Just a little information on the cat taken at the Killdeer Mountains the morning of the 17th. I have a whitetail buck tag and was walking with a buddy. Thought at first it was a doe. When his head came up, we saw the white patches on the cheeks and knew it was a cat right away. Split up to get around him and I was lucky enough to have a successful shot at 400 yds. Male 1 1/2 to 2 years old weighing in at around 97 pounds shot with a 7mm at 400 yds. He's being skinned today and the carcass will go back to G&F for more tests. Awesome once in a lifetime day!


----------



## Dan Bueide (Jul 1, 2002)

Dead, welcome and congrats - what a neat deal. :beer: Nice shot! Bi-pod, sticks, freehand?


----------



## deadstringer (Nov 18, 2005)

Bi-pod laying down . . . and shaking


----------



## zogman (Mar 20, 2002)

> and shaking


I love honesty. Great :sniper: :beer:


----------



## fishless (Aug 2, 2005)

congrats dead thats awsome :beer: :beer:


----------



## Turner (Oct 7, 2005)

You Da-man Dead

:beer:


----------



## sotaman (Apr 6, 2004)

deadstringer

Rumor has it cabelas is offering twenty gs for that cat


----------



## buckseye (Dec 8, 2003)

awesome... who were those guys who said there weren't any :lol:

Congrats deadstringer :bowdown:


----------



## deadstringer (Nov 18, 2005)

$20 grand? My wife would love that . . .


----------



## fireball (Oct 3, 2003)

Awesome. I have hunted 4A all my deerhunting life, of 25 years. I have seen prints in the bentonite, on the edge of breaks and buttes. Have heard the screams at night, standing outside the cabin releasing some beer from the bladder. Seen the prints in the snow and laughed when people said they were bobcats or lynx. No bobcat has a print the size of the palm of my hand. They have been out west for a long time, I think everyone knew that, but now they are moving through the state, so it has become news. It really makes me wonder how many times I have been glassing mulies on a break, while being watched at the same time. We hunt right over by state land, about 20 miles west of Killdeer, into the mountains. I have never seen a cat, but their signs are everywhere.


----------



## Fallguy (Jan 23, 2004)

Nice work Dead!

Looking at that picture...it just blows my mind to think we have those in our state.


----------



## Draker16 (Nov 23, 2004)

AWSOME dead congrats man :sniper: :sniper:


----------



## headhunter (Oct 10, 2002)

If we'd get a good snow before season ends we will see a few more cats dead I'll bet.


----------



## ND_RC (Jan 6, 2005)

Congrats Deadstringer.

Here are some more pictures of deadstringer's kitty. I got these from a buddy.


----------



## kdesq (Nov 22, 2005)

I didn't know we had such a problem with wildcats in ND. Seems like a waste to kill them to me.


----------



## always_outdoors (Dec 17, 2002)

kdesq:

We dont' have a problem with prairie chickens either, but it is just another way our ND Game and Fish provided opportunities for us to benefit from North Dakota's natural resources.
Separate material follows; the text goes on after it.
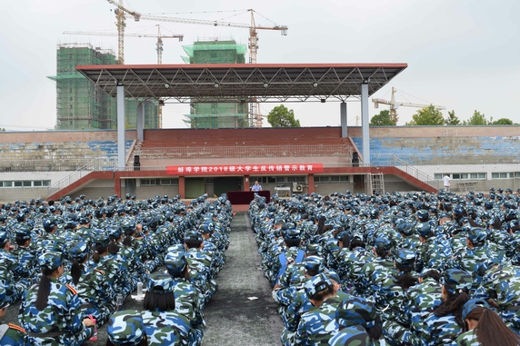 9月14日上午,学校举行2018级新生反传销警示教育活动,全体新生整齐坐在学校第一运动场上,发扬军训优良作风,克服天气炎热等因素,认真听取蚌埠市工商质监局经济检查执法局局长苏畅带来的反传销知识讲座。

I wouldn't be suprised to see added funds now going into conservation practices for these cats that once never got added attention before.

Funny thing, until we did the same with the pheasants and deer, you didn't see alot of them either. Now they are quite abundant.
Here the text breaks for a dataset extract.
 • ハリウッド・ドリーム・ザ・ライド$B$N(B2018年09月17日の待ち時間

Hunters are your best conservationists.


----------



## kdesq (Nov 22, 2005)

"Hunters are your best conservationists."

No arguement here.


----------



## Remmi_&amp;_I (Dec 2, 2003)

Thanks, I couldn't remember where I saw them!


----------



## Goon (Apr 3, 2005)

kdesq said:


> I didn't know we had such a problem with wildcats in ND. Seems like a waste to kill them to me.


I agree what a waste of a good animal.


----------



## Goon (Apr 3, 2005)

kdesq said:


> "Hunters are your best conservationists."
> 
> No arguement here.


I agree shoot all the deer you can buy tags for, kill prairie dogs but a Couger, to me they are icons.


----------